Epouse et concubines
8 femmes ½ (1999) de Peter Greenaway avec Toni Colette, Amanda Plummer
J'ai beaucoup aimé Peter Greenaway à une époque et c'est avec un véritable enthousiasme que je découvris Meurtre dans un jardin anglais, Zoo, le ventre de l'architecte ou encore Le cuisinier, le voleur, sa femme et son amant. Mais pour le coup, je suis depuis quelque temps comme l'intendance en 40 : je ne suis plus ! Mis à part The pillow book, je n'ai guère aimé ses derniers films (du moins, ceux qui arrivent encore sur nos écrans français).
Alors que son dernier opus la ronde de nuit l'a plus ou moins réconcilié avec la critique (personnellement, il m'a barbé), j'ai failli être davantage séduit par son fort décrié 8 femmes ½.

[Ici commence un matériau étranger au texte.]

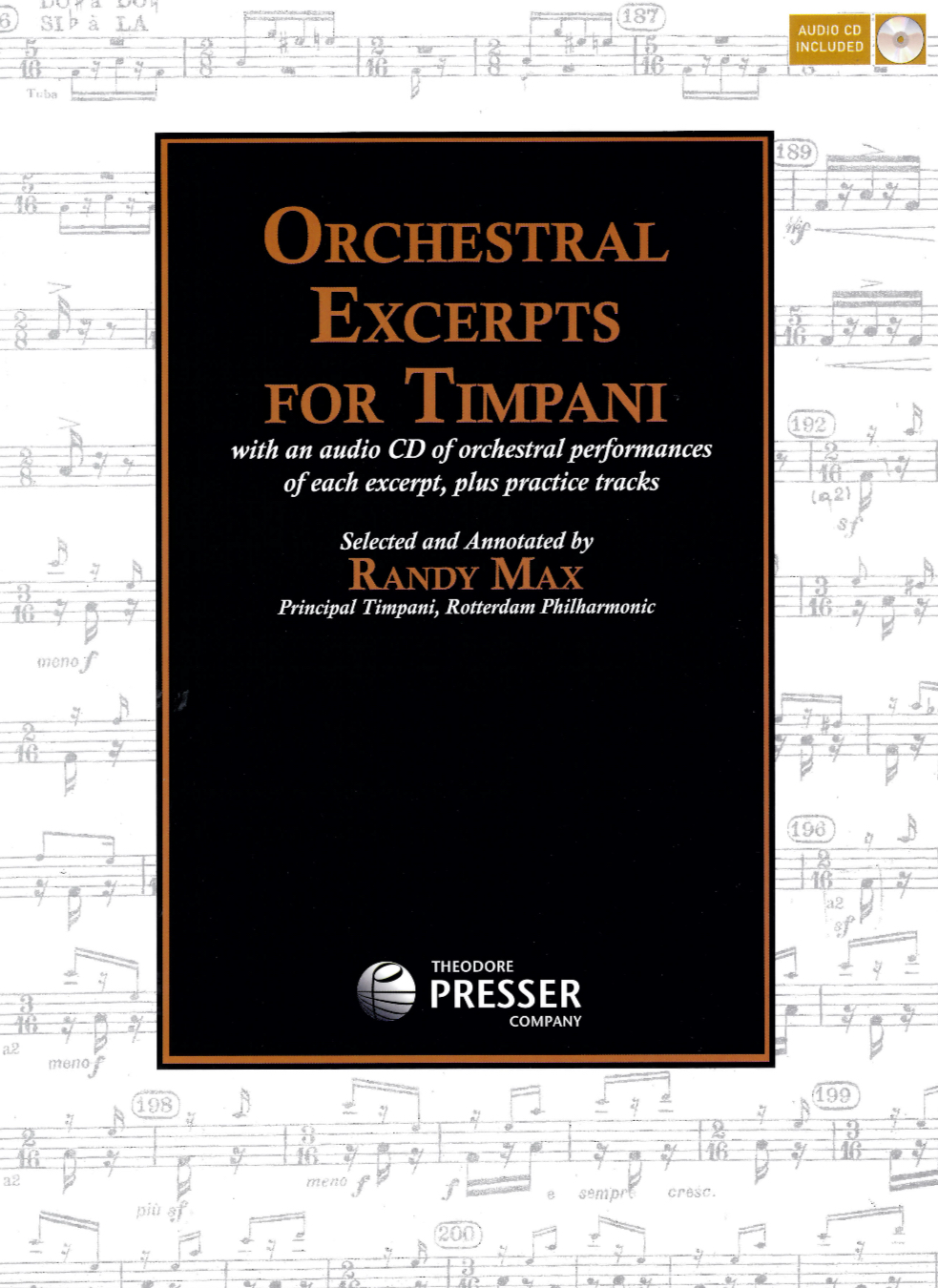 “I have heard the statement ‘too much knowledge is dangerous’; however when it comes to preparing for an audition, the more knowledge you have the more prepared you are. Randy Max has written a book that gives you not only the music but information about the variations of tempi one can expect for the excerpt, historical facts about the music, BIOs of the composers and suggestions for practicing, tuning and sticking for both American and German style timpani playing. All this and a CD that accompanies the book so the excerpts can be heard and practiced. Orchestral Excerpts for Timpani is a ‘must have’ book for the serious timpanist preparing for an audition. The 57 passages represent the most requested audition excerpts and are done in a well organized, informative and easy to read manner. Highly recommended.” John H. Beck, Professor Emeritus of Percussion Eastman School of Music Principal Timpani, Rochester Philharmonic (retired)
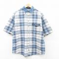 XL★古着 半袖 シャツ メンズ 90年代 90s コットン 襟デニム 紺他 ネイビー チェック 25apr09 中古 トップス
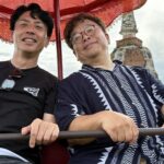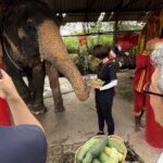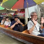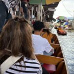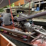 水上マーケットのエンジン付きの船はおそらく中古車のエンジンでしょう
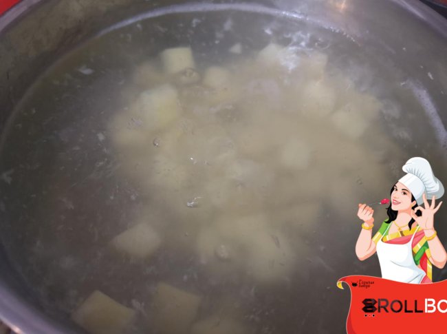 Сначала я поставила вариться нарезанный средними кубиками картофель (2 шт.) в кипящей воде.
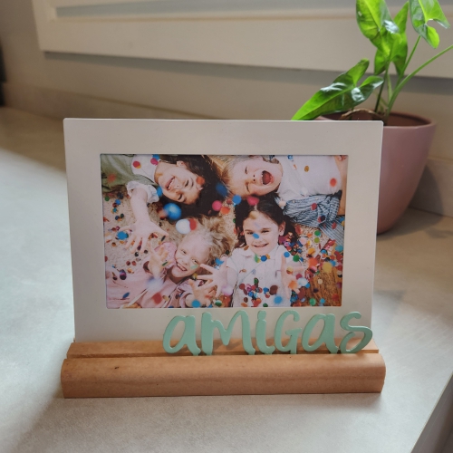Amigas. Para eternizar momentos, presentear e decorar. Para foto 10x15cm na posição horizontal ou vertical. Produto de aço, acrílico e madeira certificada de reflorestamento fabricado no Brasil. A coleção Amor é inspirada nesse sentimento afetivo que faz com que uma pessoa queira o bem de outra. Faça a diferença compartilhando o amor: cuide, respeite, encante, supreenda, presenteie e ame. Presente para amigas.
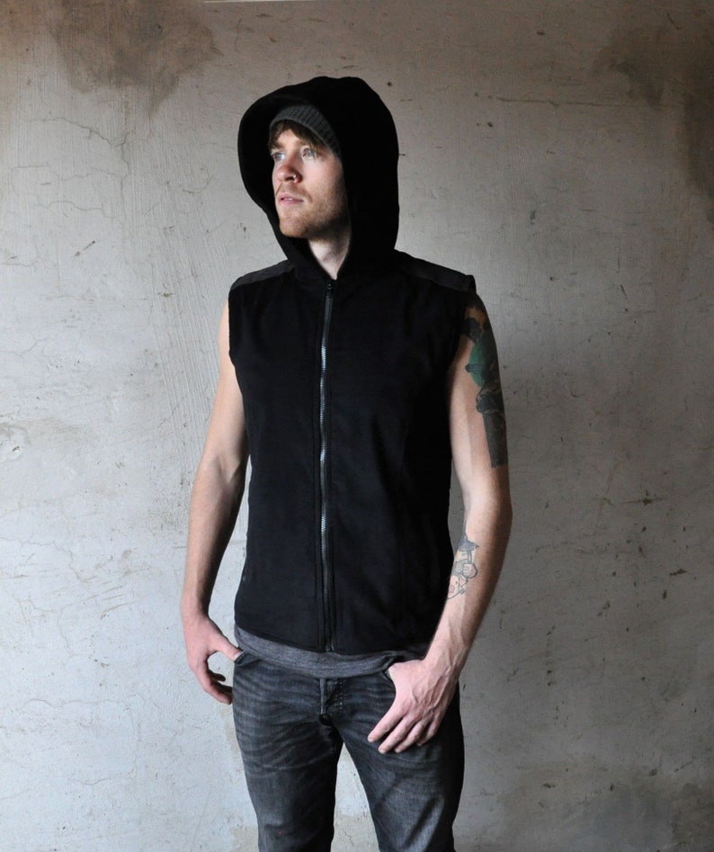 Black hoodie vest Clearance, Hoodie vest in black for men | Etsy Clearance
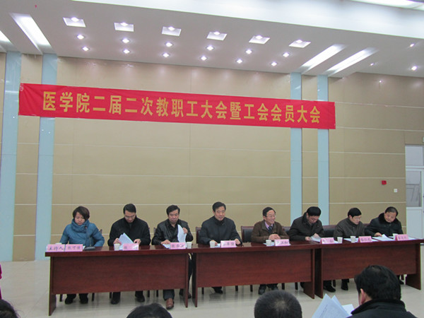 12月29日,医学院二届二次教职工大会暨分工会会员大会在西区图书馆报告厅隆重召开。校纪委书记乔丰强、校工会主席洪江如和校党委组织部张岚老师应邀出席会议。

En effet, je trouve le début plutôt pas mal, Greenaway mettant la pédale douce sur ses plans surchargés et composés jusqu'à l'asphyxie (The baby of Macon). Même si le cadre est toujours superbe, le cinéaste se montre plus tranchant dans le montage, jouant sur des changements d'axes et l'échelle des plans de manière assez habile (je pense à ce moment où les raccords dans l'axe se font par des fondus enchaînés afin de nous rapprocher et nous éloigner successivement des deux personnages principaux, à savoir un père et son fils).
Même si le générique laisse supposer que nous allons assister à un nouveau délire taxinomiste du cinéaste fou, le récit se révèle assez limpide : parce qu'il ne supporte pas de voir son père sombrer dans la déprime après la mort de sa femme, un jeune homme décide d'installer dans la maison de son géniteur un certain nombre de femmes et de transformer le manoir familial en véritable gynécée.
L'exposition du film est assez brillante et l'on retrouve l'ironie féroce du cinéaste. En plaçant son film sous les auspices de Fellini (le père et le fils vont voir 8 ½ ensemble), le cinéaste peut laisser libre court à ses réflexions sur le sexe et les fantasmes. Cela nous vaut des scènes assez provocatrices (le fils qui « console » son père veuf du manière que la morale et Freud réprouvent) ou d'autres très drôles (les discussions très crues sur le sexe pendant la projection du film de Fellini alors que le père refuse de parler de tout autre sujet, jugé moins important ou plus « intime »).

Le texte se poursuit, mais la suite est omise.